I mostly deal with Onan generators. I have had other brands and never any problem. Here is my question, on Onan generators as part of the maintenance you are supposed to clean the slip rings as often as monthly when not used often on some models. I had a Coleman Powermate for almost 20 years and some times it would sit for a year inbetween uses. I never cleaned the slip rings, assuming it was a brush style generator, and never had a single issue. I now have a couple Champion generators as well as a few Onans. The one Champion is brushless so no worries, the other does have brushes.
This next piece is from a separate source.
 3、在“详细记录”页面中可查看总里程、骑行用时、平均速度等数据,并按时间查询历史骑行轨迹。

No where in any Champion literature can I find talk of having to clean the slip rings. 
I do not know about other brands that use a brush style generator but do any of you clean the slip rings and brushes after a long time between uses? Ever had an output issue due to dirty/corroded rings?
Thanks for any input, just trying to learn more about other generators.


----------



## KRE (Nov 29, 2011)

Handyhiker said:


> I mostly deal with Onan generators. I have had other brands and never any problem. Here is my question, on Onan generators as part of the maintenance you are supposed to clean the slip rings as often as monthly when not used often on some models. I had a Coleman Powermate for almost 20 years and some times it would sit for a year inbetween uses. I never cleaned the slip rings, assuming it was a brush style generator, and never had a single issue. I now have a couple Champion generators as well as a few Onans. The one Champion is brushless so no worries, the other does have brushes. No where in any Champion literature can I find talk of having to clean the slip rings.
> I do not know about other brands that use a brush style generator but do any of you clean the slip rings and brushes after a long time between uses? Ever had an output issue due to dirty/corroded rings?
> Thanks for any input, just trying to learn more about other generators.
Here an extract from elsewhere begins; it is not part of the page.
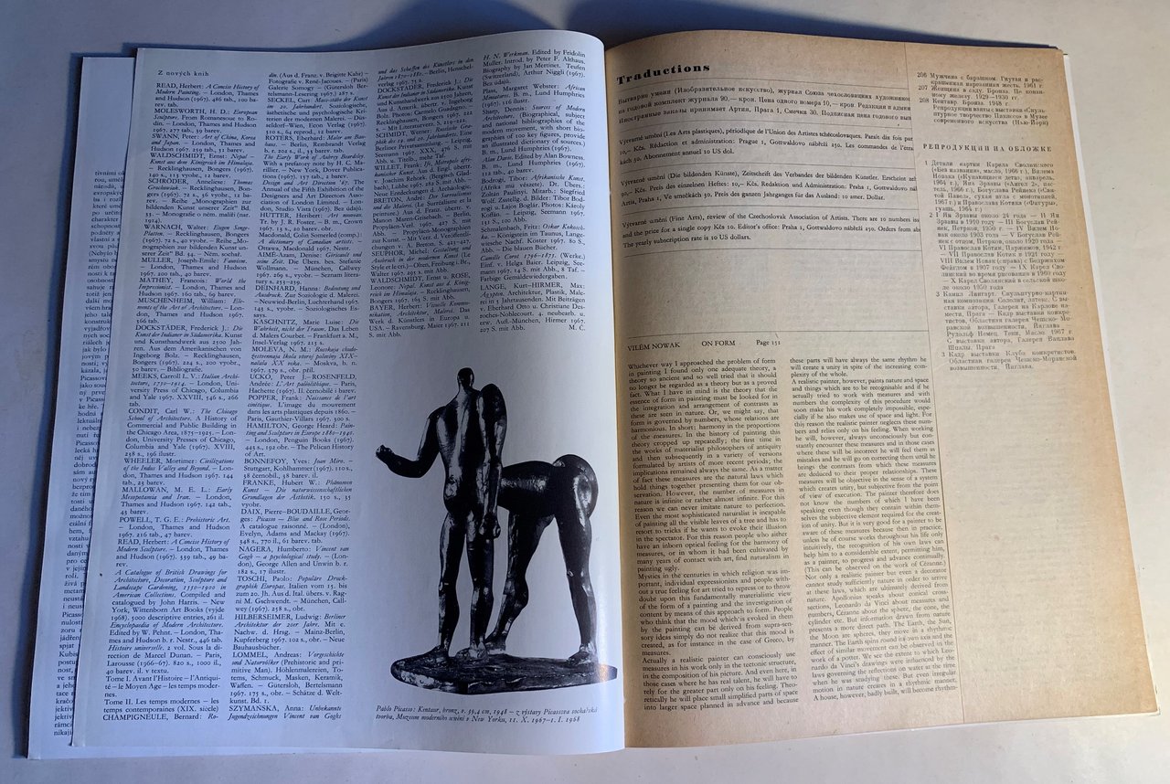 I ed.. N. 4 68 del periodico dell'Unione degli artisti cecoslovacchi (Svaz českých výtvarných umělců). Redazione e amministrazione: Praga, Gottwaldovo nábřeží 250. Testo in ceco con traduzioni in russo, francese, tedesco e inglese. IV/ 149-208+(10) ripiegate in carta leggera con traduzioni in russo, francese, tedesco e inglese=70/ brossura in cartoncino patinato bianco con grafica in nero e rosso e con illustrazioni in b/n ai piatti. Illustrazioni in b/n nel testo e f.t. e a colori f.t.. Obálka a grafická/ Copertina e grafica Stanislav Kolíbal a/ e Jiří Schmidt. Stato buono (usura della copertina - copertina e pagine lievemente brunite).

The material that slip rings an brushes are made from these days do not require that, unless the unit is operated in a very dirty environment.
When a cleaning is required there are special cleaning sticks that are made for the task. That said, with the unit stopped an the starter motor(if any) disabled, you can take a can of electronic contact cleaner, while holding the brushes back w/a piece of plastic an spray the slip ring an brushes. Now with the unit running an the slip ring holder out of the way an isolated electrically, hold the tool or crocus cloth flat against one slip ring at a time for no more that 2 seconds with very, very, light pressure. After both are clean stop the unit, disable the starter motor(if any) an spray the slip rings an brushes again. Wait until the cleaner drys, reinstall the slip ring holder, then run the unit as normal. If there are deep ridges in the slip rings remove the worst, then remove the brushes an with 180 grit sand paper remove the worst there as well then reinstall.

Hope this helps


----------



## Handyhiker (Sep 29, 2016)

Thanks for the reply. I do clean the slip rings on my onans. Just use a scotch brite pad and spin it over a few times. Just wasn't sure if the newer ones need the same done every so often.


----------



## Predator (Sep 19, 2017)

KRE,
May I recommend a Uusername change?...........

How about Data?


----------